Westeryears: Westminster’s Bond with the Bard

Visitors of the magnificently restored Christopher Wren church on Westminster’s campus, the Church of St. Mary the Virgin, Aldermanbury, are greeted at the back of the sanctuary by a huge bust of the Stratford-on-Avon bard himself, William Shakespeare.

As a result, one of the first questions the thousands of visitors ask every year is, Why the greatest writer of all times is exhibited in the Church?

To find the answer, one must go back to the time of John Heminges (1556-1630) and Henry Condell (?-1627).

Both shared the birthplace of Shakespeare, Stratford-on-Avon, and both were members of Shakespeare’s theatre company, the King’s Men. 

In addition, both men lived on the west side of Aldermanbury parish just south of the Aldermanbury Church.

A grocer by trade, Heminges was so enamored with the theatre that he basically turned his business over to his wife so he could devote time to the stage.

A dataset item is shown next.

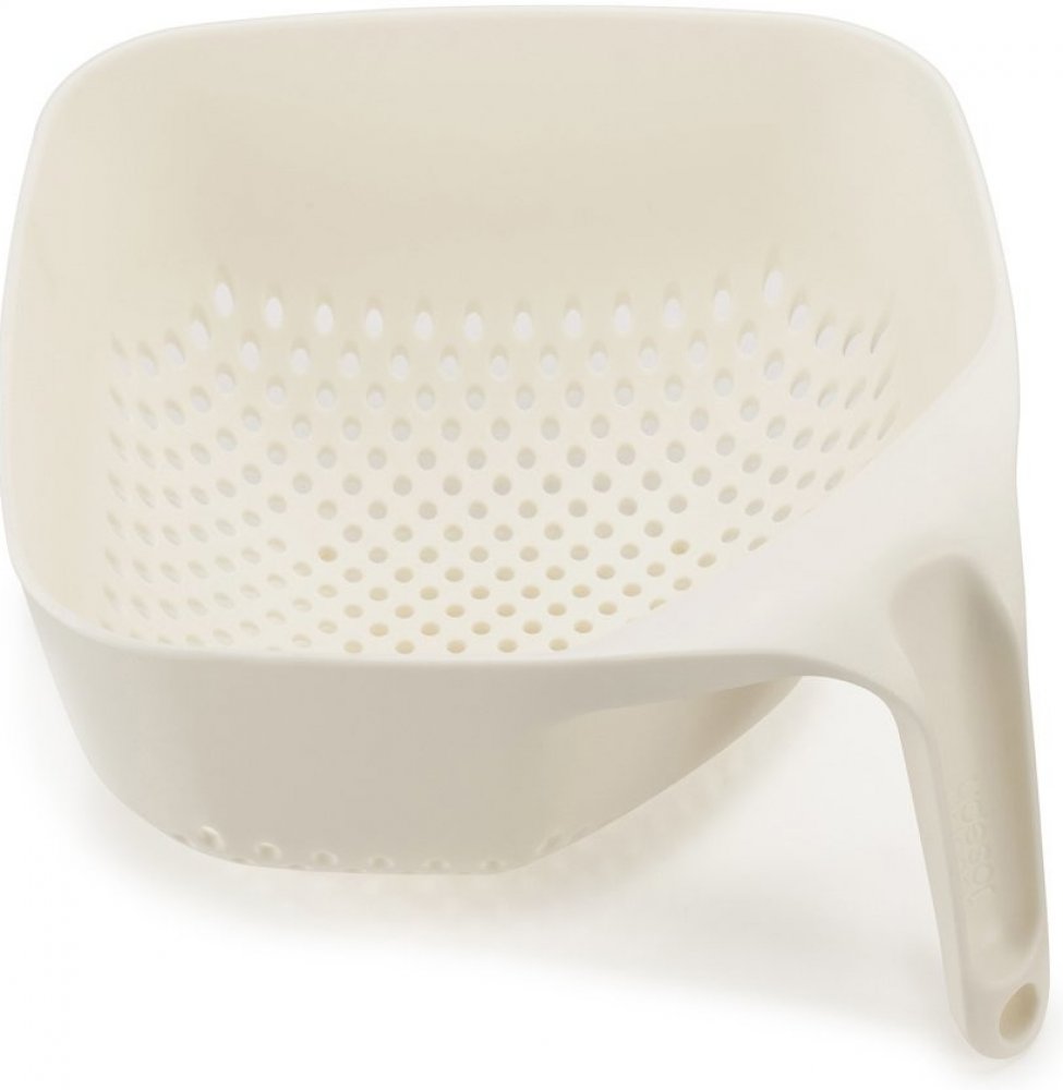 Velké protiskluzné vertikální madlo cedníku JOSEPH JOSEPH Square Colander zajišťuje při proplachování snadné a stabilní držení - druhá ruka zůstává volná pro manipulaci s kohoutkem. Kubické rohy umožňují snadnější vyjmutí opláchnutých potravin, velkými vertikálními otvory snadno a rychle odtéká voda.

While he performed many roles, his  principal interest was management of the theatre on the business side.

In 1599, Heminges joined Shakespeare and others in becoming a shareholder in the Globe Theatre, and he later on assumed the role of its principal manager until it burned in 1613.

Obviously, Heminges and Condell were close friends of Shakespeare, because they were two of the three people mentioned in Shakespeare’s will. Each of them was bequeathed 26 shillings and eightpence to purchase mourning rings.

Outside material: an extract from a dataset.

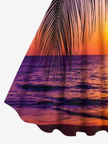 Plus Size Tropical Leaf Sun Waves Seascape Print Hawaii Tank Dress - Orange - Xs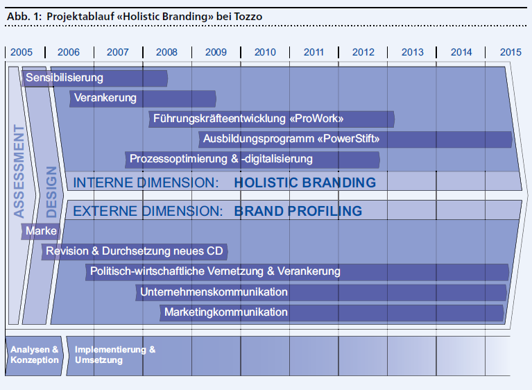 Wie bei jeder Einführung von Holistic Branding, so starteten wir auch bei Tozzo mit einer initialen Strategieklausur. Danach folgte die Analyse- und Assessment-Phase (siehe dazu die Abbildung 1), eine von Standortbestimmung, Auslegeordnung, Abgleichung der strategischen Erfolgsposition, Fokussierung und Priorisierung des Handlungsbedarfs sowie entsprechender Massnahmen geprägte, erste Projektetappe. Auf Basis des Grundkonzepts, dem ersten Etappenziel, folgte die «Design-Phase», in welcher die einzelnen Aktivitäten, Teilprojekte und die zeitliche Etappierung definiert wurden. Im Anschluss daran kam die schrittweise und kontinuierliche Umsetzung. Hier wurde zunächst die Marke «Tozzo» definiert. Damit wurde das Fundament des gesamten Projektes sowie des Programmes für die Zukunft gebildet. Bis heute wird dadurch der Rahmen für alle wahrnehmbaren Dimensionen des Unternehmens gegeben.

Later, in 1623, seven years after Shakespeare’s passing, Heminges and Condell were co-editors of the First Folio of Shakespeare’s plays.

However, the most important relationship to the Westminster story is the two men’s involvement with the neighboring St. Mary, Aldermanbury Church.  Both Heminges and Condell were active in the church and were elected churchwardens and then trustees.

During this time, for 15 years, William Shakespeare lived with a wigmaker named Christopher Mountjoy whose shop was a block from the Aldermanbury parish and only several blocks from the homes of Heminges and Condell.

Because of Shakespeare’s close proximity to the homes of his two friends and St. Mary, Aldermanbury Church itself, historians have speculated that Shakespeare must have worshiped there.  While no record of his name appears in church records and his attendance would have been infrequent at best, many researchers believe he might have attended services with his friends Heminges and Condell, who were extremely active in the church, or must have at least attended the christenings of their children or the parish feasts.

Shakespeare would have had many opportunities to attend christenings since Heminges had 13 children Condell had nine, and since a popular dining spot for the three friends was the nearby Axe Inn, the chances are Shakespeare at one time or another entered the church.

As a result of  all these historical close connections, a bust of Shakespeare was placed in the sanctuary of the restored church on Westminster’s campus.

John Heminges and Henry Condell were both buried at St. Mary, Aldermanbury and today a memorial to them is found in the former St. Mary, Aldermanbury churchyard on Love Lane in London.  The memorial is made from pink granite with a bust of Shakespeare on top. It and was built in 1896 to stand in Aldermanbury Park.